New Inequality Data Is a Gift to Campaign Sloganeers
The Fed developed a data set that throws wealth disparities into high relief.
Bloomberg, July 16, 2019
Studying wealth and income inequality has long been the stomping grounds of economists with the time and willingness to dig into 19th-century tax ledgers, Gilded-Age stock ownership and pre-Great Depression bank holdings.
For the do-it-yourselfers the entire exercise just became a lot easier, with the release by the Federal Reserve of a vast run of information on U.S. wealth distribution. It has something for everyone, making it simple to cherry pick your favorite data point and support your philosophical views on just about anything — taxes, wealth and inequality
Why does this matter? At a time when inequality may be given more attention in the run-up to the 2020 election, it’s not hard to imagine how this raw material might be fashioned into campaign slogans. There’s plenty of fodder here for the likes of everyone from Representative Alexandria Ocasio-Cortez to Treasury Secretary Steve Mnuchin.
Let’s look at a few possibilities:
America is richer than ever: This is one for the incumbent to tout. Americans have never been wealthier: Household assets are at an all-time high, with a total value of $117.6 trillion. Total net worth (assets minus liabilities) is $102.5 trillion. Liabilities, primarily home mortgages ($9.7 trillion, or 70%) and consumer credit ($3.6 trillion, or 26%) make up most of the $15.1 trillion of total liabilities.
Relative to these assets, or to discretionary income, debt levels at present are very manageable. They are substantially lower than they were before the financial crisis — in fact, household debt-service and financial-obligation ratios are the lowest since this data series began 30-years ago. In other words, American households are both richer and carry lower debt burdens, lowering a huge source of both economic and psychological stress.
America is for the rich: An issue for the challengers. Yes, America is wealthier than ever, especially if you are in the top 10% of households. The Fed found that the top 1% of American households held wealth of $32.5 trillion. That works out to be an average household asset value of about $25 million each. The rest of the top 10% (90th to 99th wealth percentiles) held total wealth of $42.8 trillion. Add the top 1% to this group and we get a total of $75.3 trillion, with an average household wealth of $5.8 million. To be sure, this is an average and is skewed by the enormous wealth of those at the very top; the median, or midpoint, would be lower.
The next 40% (50th to 90th percentiles) has total assets of $35.3 trillion. The 63.8 million households in the top half of America have average household total wealth of $1.72 million apiece. Note this does not include liabilities such as mortgages, student loans, consumer credit, which offsets some of this.
Where things get interesting is when we look at the bottom 50% of households in America by wealth. They own total assets of $6.86 trillion. That reflects wealth (before liabilities) of a mere $107,523 per household.
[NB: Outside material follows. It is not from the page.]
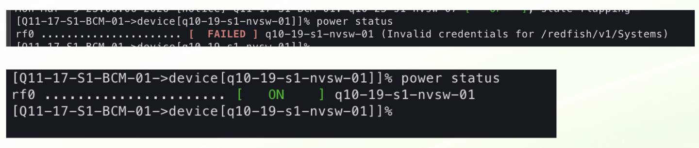 Confirm OOB power control of the NVLink Switches using a power status check in BCM, similar to what was done for a DGX compute tray (GB200/GB300).

Let’s dig a bit deeper: The top decile of America holds almost about 70% of the national wealth — 31% is held by the top 1%, while the rest of the top 10% holds about 39%.
And the bottom half’s share? About 1.3%.
Although the wealthy own most of the assets, the less well-off hold a disproportionate share of the liabilities. The top 10% have a relatively modest amount of debt ($633 billion for the top 1%, and the rest of the top 10% has $2.8 trillion). Meanwhile, the bottom 50% has $5.6 trillion in liabilities; the group between the top decile and the bottom half has more than $6 trillion in liabilities. In other words, the bottom 90% has total liabilities of almost $12 trillion.
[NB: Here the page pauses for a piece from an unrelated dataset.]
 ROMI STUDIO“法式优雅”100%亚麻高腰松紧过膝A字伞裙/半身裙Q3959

The conclusion here is that the wealthy own most of the assets, while the less wealthy are stuck with most of the liabilities. Construct the cleverest campaign slogan out of this and you just might become the Democratic nominee for president.
Supply-side economics doesn’t make everyone richer: There’s probably something for incumbents and challengers here, and it might also help settle a debate that has preoccupied economic wonks for years. We can now show data for the three decades following the adoption of Reaganomics, aka supply-side economics; that reducing the tax burden on the wealthy would lead to a burst of economic growth that would make everyone richer, and that wealth would trickle down from the top. The new data make it clear that the opposite has happened, and wealth inequality and income inequality have each increased.
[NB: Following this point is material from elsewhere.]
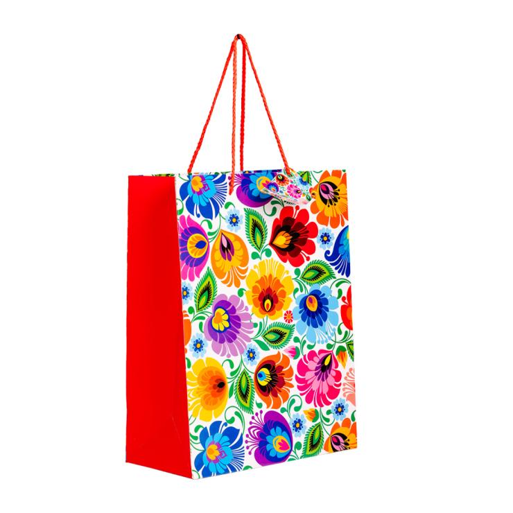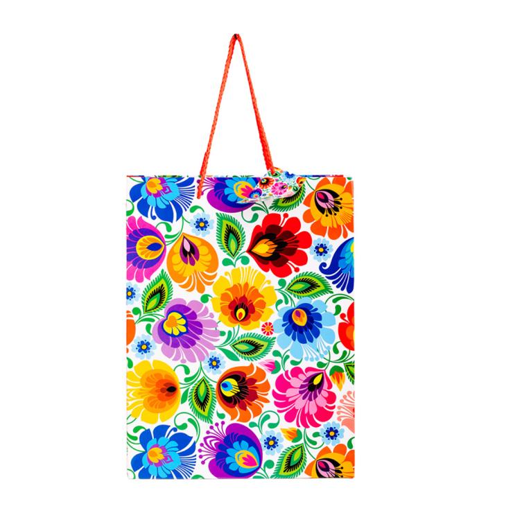 Torebka ozdobna do pakowania prezentów – wzór kwiatów z tradycyjnej wycinanki łowickiej

This data helps us see that supply-side economics was always about shifting wealth from the low and middle ends of the wealth distribution toward the top. In other words, much of our wealth inequality is by design, the result of public policies. Whether this was done out of good faith or bad is up to you to decide.
The conclusion of all this giant data dump: We shouldn’t be surprised if economic inequality plays an ever-more prominent role than it has in past presidential election cycles. We all owe a small debt of gratitude to the researchers are the Fed who pulled this data together and made it just a little easier to understand the full extent of the vast disparities in wealth and income in modern America.